Written by Admin | Aug 30, 2021 4:00:00 AM

The Gaussian beam spreadsheet provides an easy way to interactively design systems that work with Gaussian beams. We will consider the design of a cavity for a hypothetical Nd:YAG laser. The task is to design a cavity to support single transverse mode oscillation in a YAG rod. The YAG rod is 0.5mm diameter and 5mm long. The cavity consists of two plane mirrors, and a focusing lens, Melles Griot part number 01LQF005. The cavity is to work in a near hemispherical geometry, as shown in the figure below. The exact length of the cavity is to be adjusted so that the spot size of the TEM 00 mode is 1/3 the diameter of the laser rod.

  1. To enter the system, use File >> New. Assign the file name yagcav1.len, and select catalog lens. Click 4 to dismiss the dialog box. When the Catalog database window appears, using the MG_POS catalog, enter the part number 01LQF005, then click 4 to go to the lens spreadsheet.
  2. The lens will originally be entered in the system backwards. To reverse it, click Row button 1 to select the element, then use the Reverse icon on the spreadsheet toolbar.
  3. After you have entered the lens, enter the YAG rod by inserting two surfaces in front of the lens (a quick way to do this is to click on the surface 1 row button and then press SHIFT+SPACEBAR twice). Then enter the rod data (Thickness 5.0, aperture 0.25). Set Thickness 2 to .5 and the entrance beam radius to .1. To enter the glass, first make sure that the wavelength is set to 1.064 micrometers, then click on the options button in the glass field, choose Direct from the pop-up menu, enter the name Nd-YAG, then enter the index 1.82.
  4. Set the object distance to 5mm, and the image distance TH[4] to 0.5mm. The object surface and image surface are to be mirrors, but it is not necessary to enter them as reflecting surfaces since they are just points in space where we want the Gaussian beam wavefront to have a certain radius of curvature. Similarly, the object numerical aperture, or equivalently the entrance beam radius, need not be set at this time, since the value will be determined using the Gaussian beam spreadsheet. When all the data has been entered, the Surface data spreadsheet should appear as follows:

The next task is to determine the TEM 00 mode of the cavity. To do this, use Calculate >> Gaussian Beam >> Interactive ABCD Analysis. The method is to set the radius of curvature of the wavefront on the object surface to the radius of curvature of the mirror, then adjust the spot size on the object surface (the variable cell) until the radius of curvature of the wavefront on the image surface (the watch cell) is equal to the radius of curvature of the other mirror. In any stable curved mirror cavity, any wavefront can be replaced by a mirror of the same radius of curvature withoutchanging the transverse mode structure, since the wavefronts of a Gaussian beam are always spherical. If you are used to the conventions used in the laser literature, you should be especially careful about the sign conventions used in OSLO. Particularly note that OSLO takes the radius of curvature of a spherical wavefront to be positive when the center of curvature is to the right.

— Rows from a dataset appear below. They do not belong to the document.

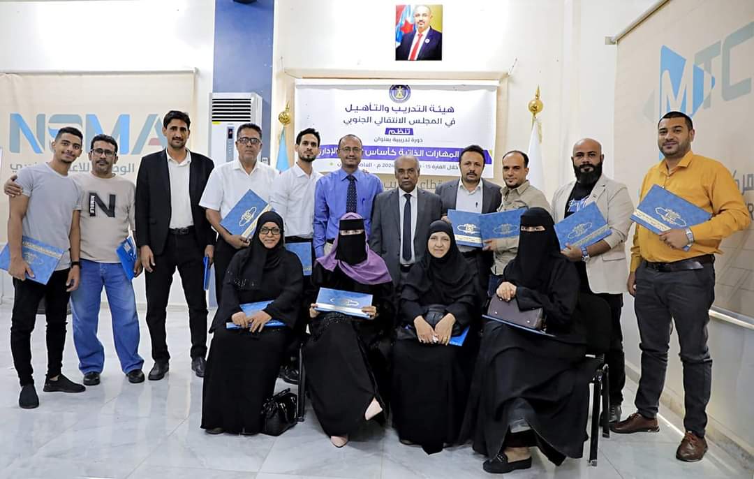 اختتمت هيئة التدريب والتأهيل المساعدة لهيئة رئاسة المجلس الانتقالي الجنوبي، اليوم الخميس، دورة تدريبية بعنوان “تنمية المهارات الذاتية كأساس للتميز الإداري”.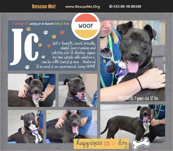 Available NY,NJ,CT,PA,DC,MD,DE,NH,RI,LI,MA,VT,ME JC IS JUST A YEAR OLD ��%BD%9D%A4 He's waiting for a calm, loving and experienced family to come snatch him up. He's ready for his happy ever after. A volunteer writes: JC is the ultimate sweetie-bo-beetie. He is a soft young boy, who deserves all the good things in the world - a giant soft bed, a family who loves him, and maybe some chicken nugs. JC's former family had taken him from a situation where he was abused by men. He can be wary of men as a result, and is generally a fearful boy. The family who saved him tried their best but could not afford his care. JC has been nervous in the busy shelter, but slowly and surely he has started to enjoy his walks, wiggling and sniffing, and if you are super lucky, he will lean against you for pets. His favorite hobbies are chewing and running, and this smarty pants is bilingual - he knows Spanish and English. When I meet JC, he doesn't show his fearful side at all. He is all about hanging out, getting some pets, and appreciating his time outside his kennel. JC would do best in a quiet home where he can decompress and have his space when he is feeling scared. JC@BROOKLYN ACC JC ID#175266, 1 year 2 ,mos 3 weeks old, 47.4 lbs Medium Mixed Breed, Dark Brown/Black NEUTERED Male Came into shelter as a Owner Surrender Reason Stated: Medical Assessment Behavior: Behavior Evaluation: Level 3 INTAKE DATE: 07/08/2023 PET PROFILE The owner's mother is making her surrender because 'JC is too loud' meaning that he barks. The owner did describe him as 'vocal' described as 'afraid of the outside' and 'afraid of everything' Previously lived with:: adults How is this dog around strangers?: He is mostly fearful of strangers. He will jump/growl at men. More distrustful of men but is respectful with women How is this dog around children?: Has not been around children How is this dog around other dogs?: He is more respectful towards older dogs but more playful with younger dogs. How is this dog around cats?: is curious about outdoor cats but has never Resource guarding:: Will growl if someone tries to touch his food or bowl while eating. 'protective' of the owner Bite history:: There was an incident where a dog got close to JC's owner. The dog placed his paws on JC's owner, and JC bit and immediately released. No blood was drawn. Housetrained:: Partially Energy level/descriptors:: reported to be high energy. Other Notes:: He had his nails trimmed to the quick and is now very fearful of nail trimmings Medical Notes: Allergies - Vet told the owner he is allergic to grass For a New Family to Know: He loves chewing and running. He is bilingual and knows English and Spanish. He loves hugs Upon intake: When JC was in ACC Lobby he was looking around the lobby at all clients. Due to another dog coming into ACC lobby staff placed a divider so that JC would not see the other dog. When vet service staff was walking from CC desk outside to assist other employees, he barked and lunged towards VS staff member, who was nowhere near JC. JC continued to bark at VS staff member through the lobby glass. When staff approached he was unsure of staff member and would come towards staff to sniff them, however when staff moved he would jump back, huff, wag his tail, and come back to sniff staff. His owners had to place a lead on them, and he was then taken to medical. My health has been checked. My vaccinations are up to date. My worming is up to date. I have been microchipped. *A Little Bit About Me* What my friends at ACC say about me: I would do best in a home with only adult humans. I prefer to call the shots and enjoy coming to you when I'm ready for pets. I would appreciate slow introductions to new people and places to help me feel safe. I really enjoy toys! I'll let you know my favorite one when we meet! I love to be loved, but on my own terms! Let's brush up on some canine body language together! I don't always like to share my food, toys or bedding with other animals. ASSESSMENT NOTES Date of assessment:: 7/27/2023 Summary:: 7/27/23: Leash Walking Strength and pulling: Mild Reactivity to humans: Inconclusive Reactivity to dogs: Inconclusive Leash walking comments: None Sociability Loose in room (15-20 seconds): Highly Social Call over: Approaches readily Sociability comments: approaches handling and jumps on them for petting, walks to both assessor and assistant Handling Soft handling: Accepts Contact Exuberant handling: Accepts Contact Handling comments: accepts petting, loose body, relaxed face Arousal Jog: Follows (loose) Arousal comments: follows jog with loose/neutral body Knock: Approaches Loose Knock Comments: Stares at door, but eventually greets person at the door with a loose body Toy: Grips, moves away Toy comments: walks behind assistant with toy 7/11/2023: Leash Walking Strength and pulling: None Reactivity to humans: None Reactivity to dogs: None Leash walking comments: None Sociability Loose in room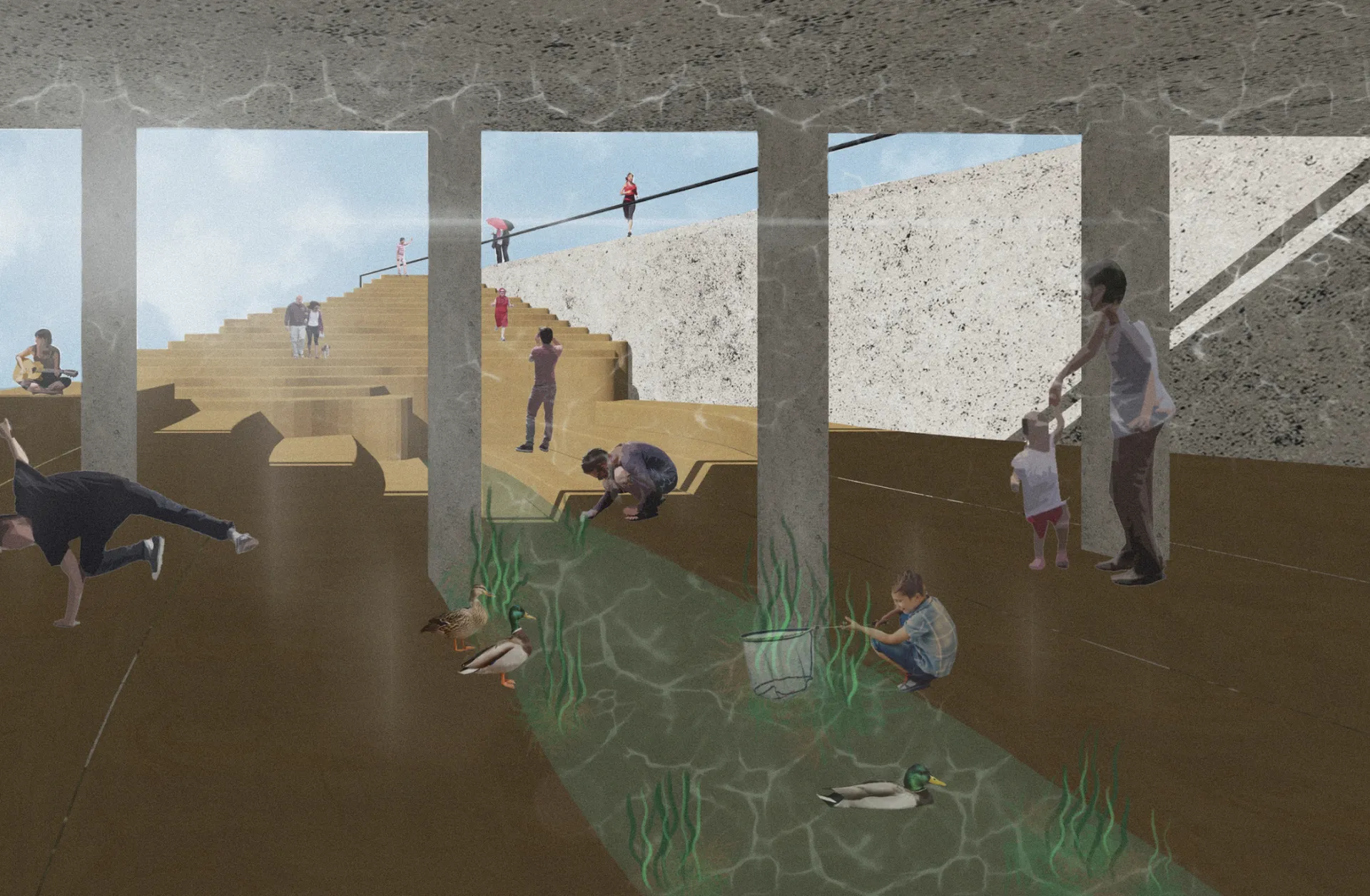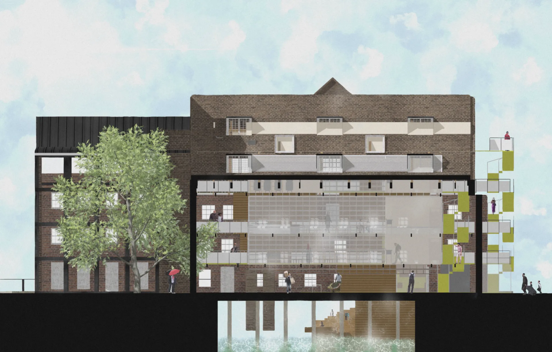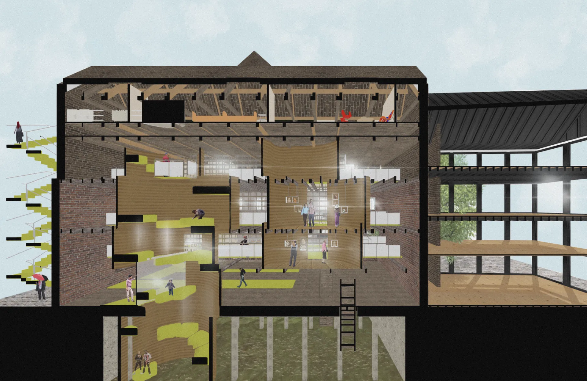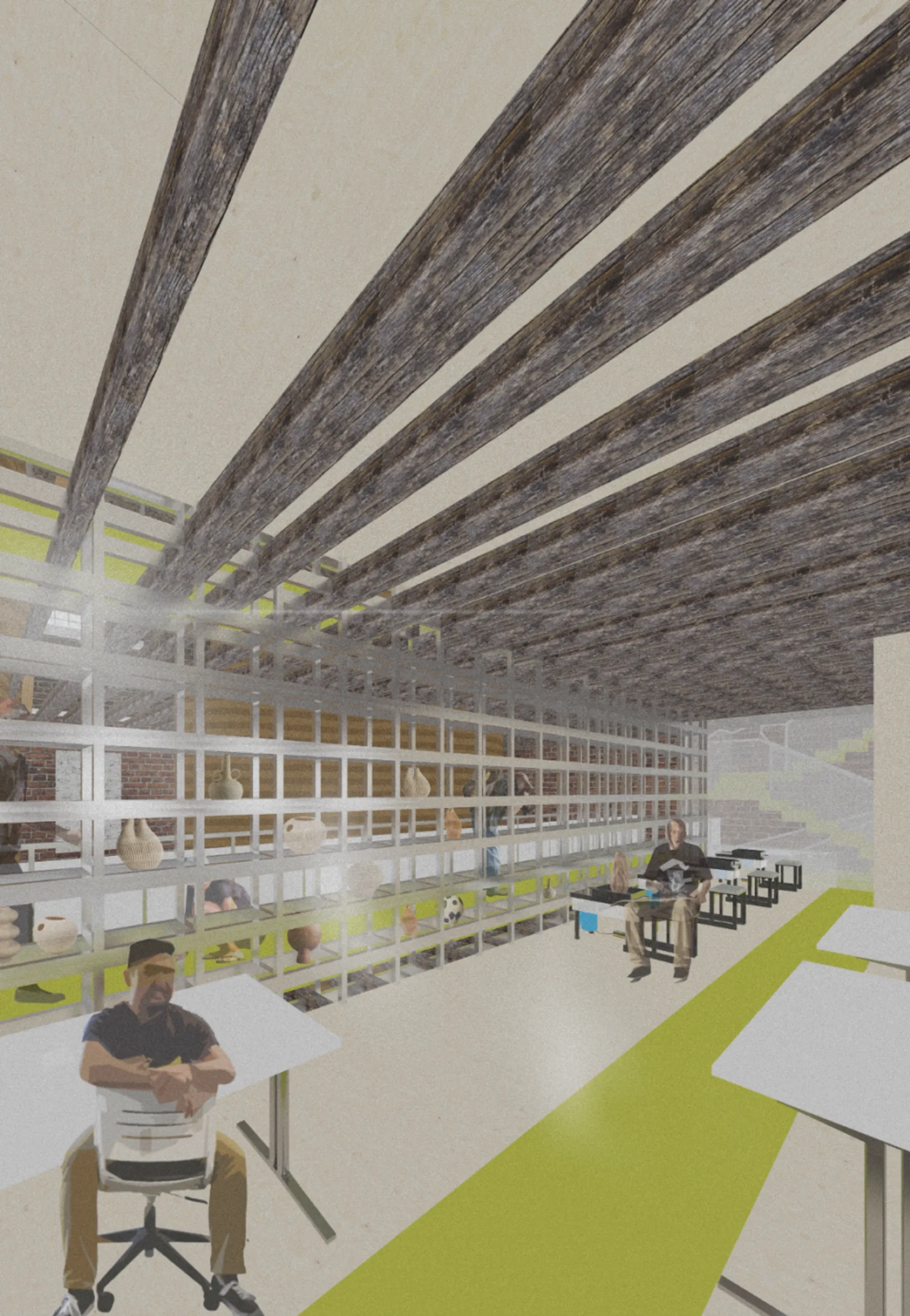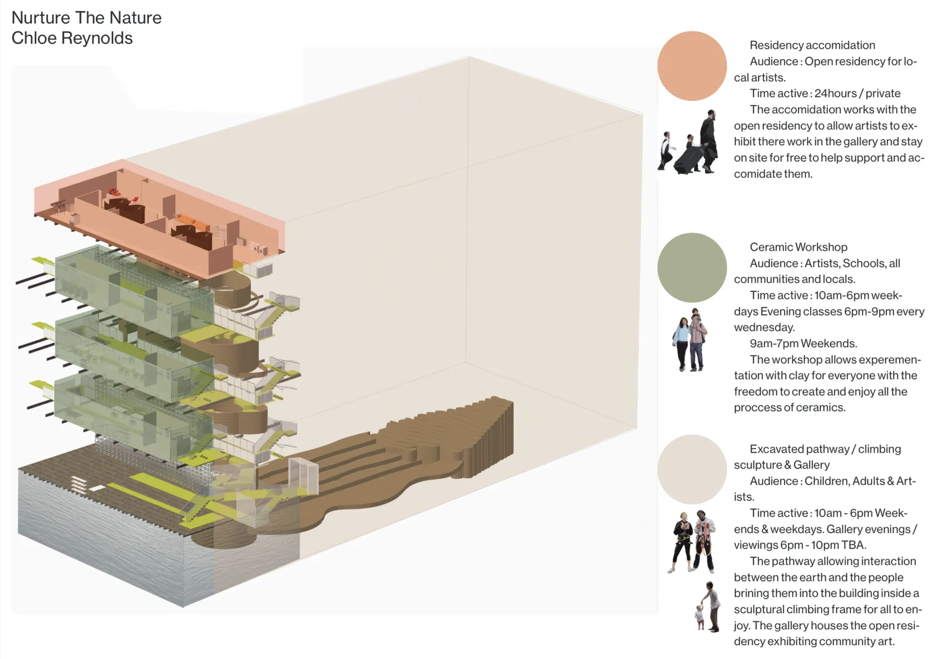 We are surrounded by materials and inspiration given to us by the earth and my project is about utilising and celebrating these elements by brining community and sustainability together. Nurture The Nature is a Hub for creativity and growth as human beings and artists, creating a place where humanity and nature become one. Clay is excavated from the river bed located on site where it is dug to create a sculptural pathway into the building where vase like forms are located to be inhabited. A ceramic climbing sculpture is formed for children, connecting to the outside landscape acting as a growth from the river bed. In a second Clay structure a Gallery is brought to life by an open residency for the community to exhibit their work and on the fourth floor there is accommodation for the open residency. On the rear side of the building a glass workshop is three floors high, each floor representing the different stages of ceramic work where a steel shelving system reaching from ground to third floor carries you through the process creating a relationship between private and public. All elements intertwine between creators and visitors to create harmony within whilst bringing the outside in to flourish within the space.

  1. After the spreadsheet is open, enter 0.0 for the radius of curvature of the wavefront on the object surface, since the mirror is plane. Enter a trial value for the spot size, 0.1. Then observe the value of the final radius of curvature in the watch cell while changing the value in the variable cell.

The following table shows a succession of values entered.

Variable Cell Watch Cell
.1 11.012173
.01 -902.043228
.02 1.2916e04
.015 -1.2744e03
.0175 -2.2587e03
.019 -6.4480e03
.0195 -2.3166e04
.0197 2.4960e05
 

At this point, the value is close enough to state that we have found the TEM00 mode. Next, click the Print beam data in text window button. Instead of varying the spot size, you could vary the lens data. For example, try varying the object thickness by typing th 0 5.1 in the command line. You will see that the Gaussian beam spreadsheet is updated automatically to use the new data.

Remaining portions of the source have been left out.